John Pilger is angry about the suffering of the Iraqi people. So am I. We both think it is wrong to deny medicines to the sick and food to the hungry. We disagree on the cause.
In his New Statesman article last week, John Pilger accused me and others at the Foreign Office of lying. To disagree with John Pilger is not to lie. I regret that he denied me the opportunity to reply in his recent television programme Paying the Price. I offered an interview at the end of the programme. It was his decision to deny me a right to reply.
But I will not trade abuse with him. I would rather trade facts. Let me deal with each of Pilger's main criticisms of our policy.
Pilger has convinced himself that the blame lies with us and with the Americans. The truth is that it is Saddam Hussein who is responsible. "Oil for food" has been working for three years and could have started years earlier had Saddam not blocked it.
The international community has now gone further by adopting Security Council Resolution 1284, a British initiative. The recent report from the UN Secretary-General, Kofi Annan, states that the "programme has provided substantial assistance to address pressing humanitarian needs" and that "by adopting Resolution 1284, the Security Council has responded to concerns that weaknesses in the 'oil for food' programme had not been addressed".
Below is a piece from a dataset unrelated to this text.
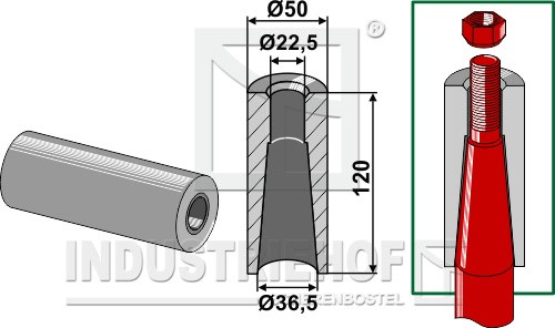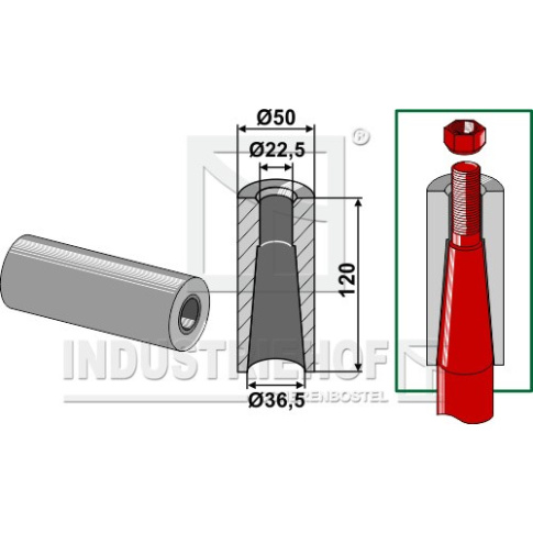 18100-31 Tulejka do wspawania do zębów z gwintem M22 18100-31.97

But the Iraqi people have never seen the full benefits. Pilger's most disturbing claim is that sanctions are responsible for the deaths of half a million Iraqi children because sanctions prevent food and medicines from getting to them. His film showed harrowing pictures of a cancer ward. The doctors said that they could not get the drugs they need. Yet there is nothing to prevent Iraq ordering more medicine, and the UN repeatedly urges them to do so. On food, for example, the UN recommends that Iraq set aside $91 million for a targeted child nutrition programme every six months. Iraq allocated only $24 million - around 25 per cent of what is required. Annan has criticised the Iraqi government's failure to distribute food and medicine on time and in full, and only last week called again on the Iraqi government to put this right.
The humanitarian programme is entirely unconditional. There is no limit on Iraqi oil sales to pay for it. Iraq is the world's second-biggest oil exporter and has more than $8 billion available this year for foods, medicines, clean water, electricity, agriculture, education and the oil industry. No one starves in Egypt, Syria and Ukraine - examples of countries that lack such oil resources. No one need starve in Iraq; no one starves in northern Iraq where Saddam's writ does not run.
Pilger accuses the US and UK of putting too many holds on contracts in the sanctions committee. Britain puts holds on less than 1 per cent of contracts, most of them temporary while more details are awaited. Under 1284, most humanitarian contracts will be handled by the UN Secretariat without reference to the sanctions committee.
Saddam does seem able to build elaborate palaces despite the suffering around him. He does not use "oil for food" money (which the UN controls), but money from oil smuggling, most of it controlled by his family. The most effective action is to stop the smuggling and thus increase the pressure on Saddam. We are working hard to do this.
Pilger also recycles the Iraqi line on no-fly zones. Against a backdrop of footage of the oil fires started by the Iraqi army as it pulled out of Kuwait, he told us in his film about the "constant bombing" and thousands of combat missions by allied aircraft. The no-fly zones were established to stop Saddam's air force from bombing his own people - the Kurds in the north and Shia in the south. They stopped him. We still need to be there because his threat remains. And Iraq fabricates claims of death and destruction. Unwittingly, Pilger himself demonstrated this. His film included a shot of the intact St Matthew's Monastery; Iraq claimed that allied aircraft had destroyed it.
There are no sanctions on humanitarian goods. Resolution 1284 provides for the suspension of the remaining (ie, non-humanitarian) sanctions if Iraq co-operates with the weapons inspectors. This should not be difficult. Suspension could happen within months. But Saddam's real ambition is to have weapons of mass destruction.
Pilger claims that there is no threat. This is not what 22 independent experts concluded last year in the UN disarmament panel's report. The solution is obvious. Let the weapons inspectors back. Only that way can we discover the truth.
Pilger and our other critics have the luxury of disregarding the consequences of the alternative they advocate: abandon sanctions; let Saddam get his hands on the oil money; cross our fingers as he smuggles in a new stock of weapons; and wish the best of luck to the Kurds, the Shia and his neighbours. Were we to do so, I hope Pilger would return to the region to film Saddam's next victims.